Once you find the line with "2月26日,外交部发言人林剑" in the entries below, return exactly every line from it through the line with "Mandla (15 km)".

Records to process below:

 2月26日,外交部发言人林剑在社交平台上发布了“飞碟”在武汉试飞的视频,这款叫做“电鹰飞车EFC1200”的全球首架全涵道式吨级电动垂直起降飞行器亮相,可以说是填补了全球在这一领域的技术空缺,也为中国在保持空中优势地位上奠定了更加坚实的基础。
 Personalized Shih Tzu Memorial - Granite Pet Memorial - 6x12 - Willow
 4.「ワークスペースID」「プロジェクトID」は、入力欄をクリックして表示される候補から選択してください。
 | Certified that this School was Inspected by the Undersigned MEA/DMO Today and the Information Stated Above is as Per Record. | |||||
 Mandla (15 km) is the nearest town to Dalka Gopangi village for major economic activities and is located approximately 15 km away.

End of Records to process.
Records to process below:

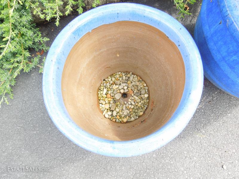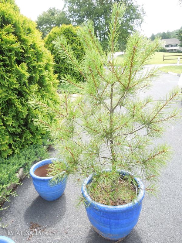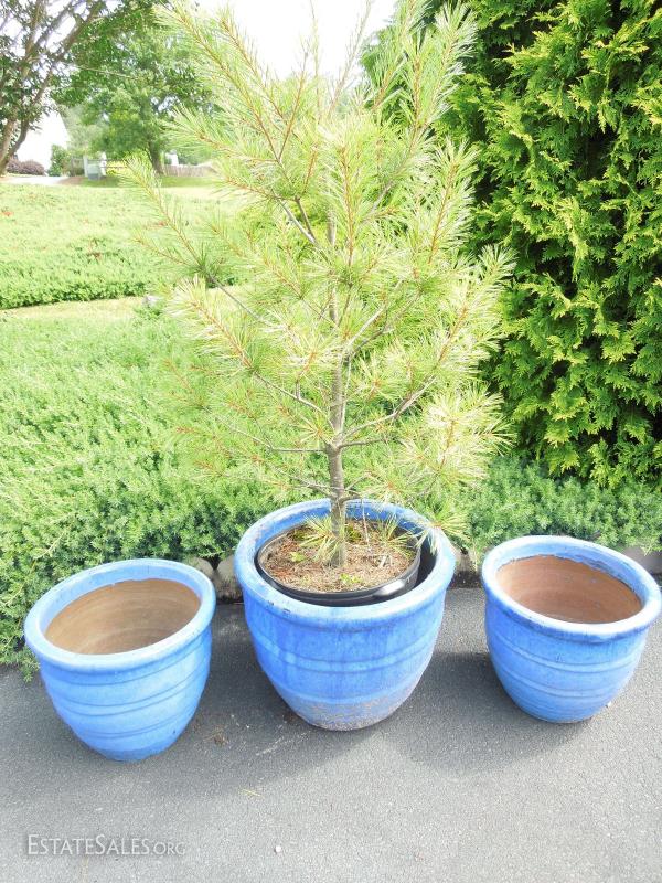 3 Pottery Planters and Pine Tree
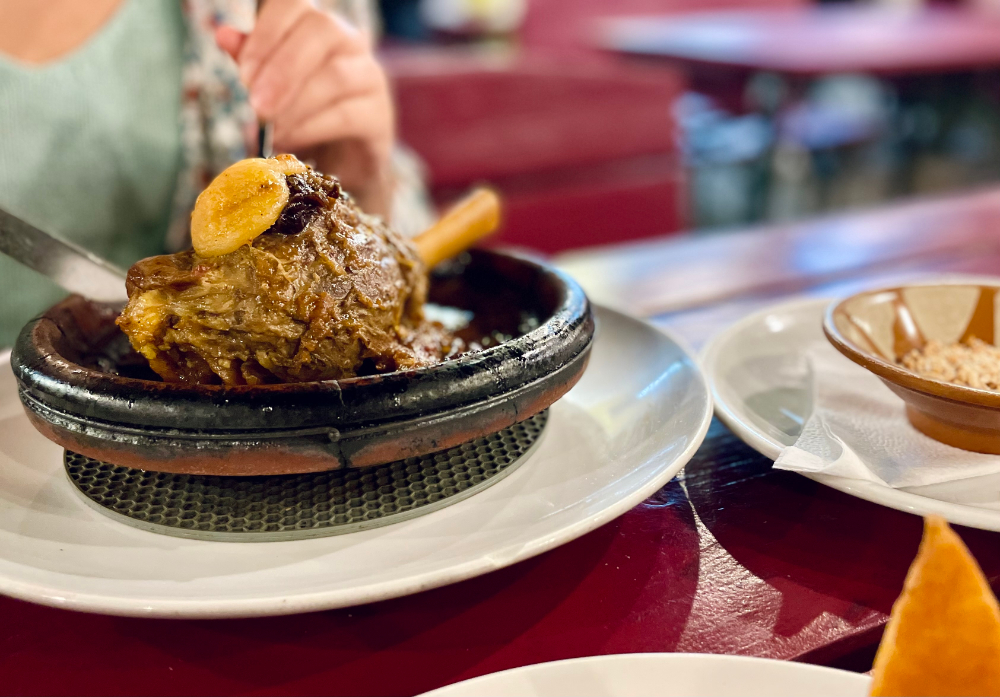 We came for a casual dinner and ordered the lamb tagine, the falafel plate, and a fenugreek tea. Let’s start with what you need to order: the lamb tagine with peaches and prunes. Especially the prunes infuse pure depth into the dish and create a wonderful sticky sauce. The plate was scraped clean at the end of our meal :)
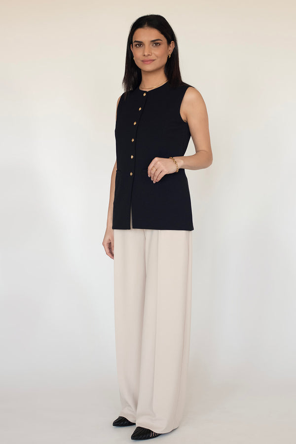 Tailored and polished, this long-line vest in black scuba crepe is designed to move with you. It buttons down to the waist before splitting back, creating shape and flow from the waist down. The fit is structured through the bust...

End of Records to process.

**Expected answer:**
 2月26日,外交部发言人林剑在社交平台上发布了“飞碟”在武汉试飞的视频,这款叫做“电鹰飞车EFC1200”的全球首架全涵道式吨级电动垂直起降飞行器亮相,可以说是填补了全球在这一领域的技术空缺,也为中国在保持空中优势地位上奠定了更加坚实的基础。
 Personalized Shih Tzu Memorial - Granite Pet Memorial - 6x12 - Willow
 4.「ワークスペースID」「プロジェクトID」は、入力欄をクリックして表示される候補から選択してください。
 | Certified that this School was Inspected by the Undersigned MEA/DMO Today and the Information Stated Above is as Per Record. | |||||
 Mandla (15 km) is the nearest town to Dalka Gopangi village for major economic activities and is located approximately 15 km away.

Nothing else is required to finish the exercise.